Avec la périurbanisation et l’intensification de la mobilité géographique des actifs, l’influence des plus grands pôles d’emploi s’étend de plus en plus loin, et fréquemment jusqu’à des territoires qui n’appartiennent pas à la même région administrative. Ces territoires dits de frange sont bien souvent dans une situation paradoxale : leur développement est étroitement lié à celui du pôle d’attraction, mais ils bénéficient rarement des politiques publiques locales qui y sont mises en place car leur mise en œuvre s’arrête souvent aux limites administratives. C’est le cas par exemple pour la gestion du réseau de transports en commun (compétence des régions), ou bien encore des politiques liées à la petite-enfance (compétence des départements). La Bourgogne-Franche-Comté est particulièrement concernée par ces problématiques de frange, puisque près de 8% des actifs y habitant travaillent hors de la région. C’est deux fois plus qu’en moyenne dans les autres régions de France métropolitaine, la situation géographique de la région, au carrefour de trois pôles d’emploi majeurs, contribuant largement à ce phénomène. Sur près de 60 000 personnes qui résident en Bourgogne-Franche-Comté mais travaillent ailleurs, près des trois quarts se rendent dans les grands pôles d’emploi qui bordent la région, situés dans les aires urbaines de Paris, de Lyon et en Suisse. À l’inverse, certains territoires de Bourgogne-Franche-Comté jouent le rôle de pôle d’attraction et captent des salariés d’autres régions. Ainsi, près de 18 000 actifs résidant en France hors de Bourgogne-Franche-Comté y travaillent. Au final, ce sont dix-huit territoires aux limites administratives de la région qui sont dans une position de frange : dix sont situés à l’intérieur et huit en dehors (source et méthode). En dehors de la frange suisse, l’intensité et la distance des navettes domicile-travail sont essentiellement déterminées par la taille et la proximité d’un pôle d’emploi extérieur. Les actifs effectuent un arbitrage entre l’opportunité de trouver un travail, à des conditions salariales parfois avantageuses, et le temps nécessaire pour s’y rendre. L’existence et la qualité des axes de transports qui desservent les pôles d’emploi sont ainsi un facteur important de leur attractivité.
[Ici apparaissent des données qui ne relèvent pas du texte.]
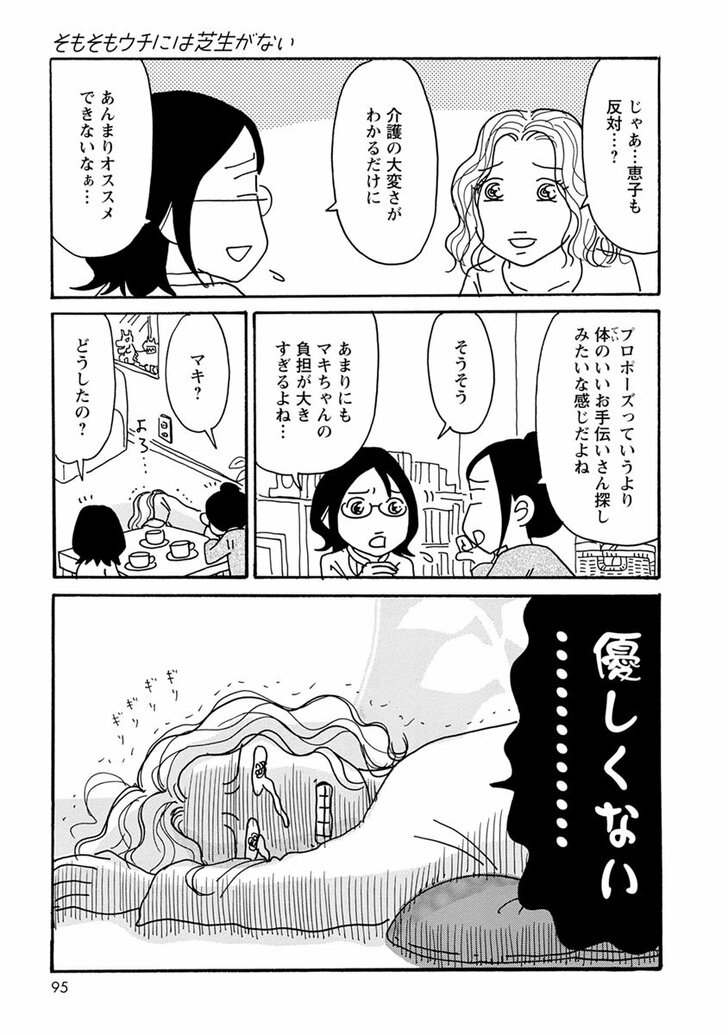 漫画 【無料漫画】『そもそもウチには芝生がない』第9話「念願プロポーズは“親同居付き”…さぁどうする!? 」たちばなかおる (2/2ページ) 1ページ目から読む #無料漫画 #そもそもウチには芝生がない たちばなかおる 2024.11.01 ■『そもそもウチには芝生がない』過去回はこちらから読めます!■ 電子コミックス第1巻 電子コミックス最新刊13巻 ■無料で読める最新漫画はこちら 【漫画】食べれば人生が変わる「魔法メシ」…絶品からあげが「激ウマすぎる理由」とは 【漫画】あの頃の風景が今の自分を癒してくれる…心があったまる「昭和ドラマ」 【漫画】ママ友たちの壮絶「マウント合戦」…PTA活動の場はまさに「戦場」だった!? 【漫画】死ぬまで妻一筋のはずが…中年男が壊れた「年下同僚との一夜」 【漫画】リーマンもホストもハマる…「午前中しか味わえない」至福のおとこメシ 続きはこちら! 1 2 たちばなかおる たちばなかおる 12月14日生まれのA型、東京都出身。 主な著作『九後45は一周回って追いかける』『長男・次男・三男・夫よ 早く大人になってくれ!!(震え声)』『ユンタのゆっくり成長記』など。 無料漫画『そもそもウチには芝生がない』 【無料漫画】『そもそもウチには芝生がない』“住む世界が違いすぎる”アラフォー女性がPTAで痛感したギャップとは? 【無料漫画】『そもそもウチには芝生がない』第1話「3児の育児と仕事に追われる毎日…旦那はどこよ!?」たちばなかおる 【無料漫画】『そもそもウチには芝生がない』第2話「アラフォー女性が“イタさ”に気づく瞬間…?」たちばなかおる 【無料漫画】『そもそもウチには芝生がない』第3話「同居姑の“エグイひと言”に感情が大爆発…!?」たちばなかおる 【無料漫画】『そもそもウチには芝生がない』第4話「年下男子との出会いは恋の予感!?」たちばなかおる 【無料漫画】『そもそもウチには芝生がない』第5話「40代から“いい女”ってなれますか…!?」たちばなかおる 【無料漫画】『そもそもウチには芝生がない』第6話「“不完全な関係”が夫婦円満のヒケツ…!?」たちばなかおる 【無料漫画】『そもそもウチには芝生がない』第7話「年下男の“愛情表現”に10年ぶりの胸キュン!?」たちばなかおる 【無料漫画】『そもそもウチには芝生がない』第8話「ダンナの“浮気段階”を見抜く方法とは…?」たちばなかおる 【無料漫画】『そもそもウチには芝生がない』第10話「アラフォーでも“妊娠”で喜んでいいですか…!?」たちばなかおる 【無料漫画】『そもそもウチには芝生がない』第11話「男女がルームメイトって“アリ”ですか…!?」たちばなかおる 【無料漫画】『そもそもウチには芝生がない』第12話「年下男の靴下にイライラしちゃう理由とは…!?」たちばなかおる 【無料漫画】『そもそもウチには芝生がない』第13話「アラフォー女子が転機で下した“大決断”」たちばなかおる 【無料漫画】『そもそもウチには芝生がない』第14話「アラフォー女子が“優しさ”で涙をこぼす時…」たちばなかおる 【無料漫画】『そもそもウチには芝生がない』第15話「恐怖!?“マウンティング女子”の実態とは…」たちばなかおる 【無料漫画】『そもそもウチには芝生がない』第16話「やさしいママがいきなり情緒不安定に…!?」たちばなかおる 【無料漫画】『そもそもウチには芝生がない』第17話「同世代の友達が“若返って見える”瞬間って…?」たちばなかおる 【無料漫画】『そもそもウチには芝生がない』第18話「人生で味わえる一番の痛み」たちばなかおる 【無料漫画】『そもそもウチには芝生がない』第19話「思ってたより痛い!? 40代出産のリアル…」たちばなかおる 【無料漫画】『そもそもウチには芝生がない』第20話「出産直後にイラッとくる“夫の地雷発言”」たちばなかおる 【無料漫画】『そもそもウチには芝生がない』第21話「新米ママが怯える…“子育てのピーク”っていつよ!」たちばなかおる 【無料漫画】『そもそもウチには芝生がない』第22話「既読スルーに“他の女の影”を感じる瞬間って…!?」たちばなかおる 【無料漫画】『そもそもウチには芝生がない』第23話「40女の大失恋…号泣以外の傷心ケアって?」たちばなかおる 【無料漫画】『そもそもウチには芝生がない』第24話「ダンナは“人生で一番好きな人”じゃない…!?」たちばなかおる 【無料漫画】『そもそもウチには芝生がない』第25話「カレに“運命”を感じる瞬間って…?」たちばなかおる 【無料漫画】『そもそもウチには芝生がない』第26話「元カレからメールって、どう返すのが正解なの…!?」たちばなかおる 【無料漫画】『そもそもウチには芝生がない』第27話「思い出の元カレから突然のお誘い…どうする!?」たちばなかおる 【無料漫画】『そもそもウチには芝生がない』第28話「若い頃の元カレが超イケオジ化してたら…?」たちばなかおる 【無料漫画】『そもそもウチには芝生がない』第29話「元彼の衝撃告白に…涙腺崩壊!」たちばなかおる 【無料漫画】『

Huit franges sont polarisées par une seule ou deux grandes aires urbaines

Les franges urbaines de la région, c’est-à-dire celles qui sont polarisées par de grandes aires urbaines rassemblent 36 000 navetteurs transrégionaux. Près des trois quarts des navetteurs des franges parisienne, dijonnaise, neversoise, moulinoise ou mâconnaise travaillent dans une unique aire urbaine. Pour les franges lyonnaise, mulhousienne ou oyonaxienne en revanche, s’il existe un grand pôle en présence, celui-ci partage sa force d’attraction avec un second. Par exemple, près de la moitié des navetteurs de la frange oyonnaxienne travaillent dans l’aire urbaine d’Oyonnax, mais ils sont également un quart à se rendre dans l’aire urbaine de Bourg-en-Bresse. Les franges neversoise et mâconnaise sont particulières puisque les aires urbaines de Nevers et Mâcon s’étendent de part et d’autre de la frontière régionale. Ainsi, la qualification en frange de ces territoires repose pour partie sur le fonctionnement interne de l’aire urbaine. Au sein de celle de Mâcon par exemple, Bourgogne-Franche-Comté et Auvergne-Rhône-Alpes s’échangent respectivement 1 200 et 5 300 actifs résidents.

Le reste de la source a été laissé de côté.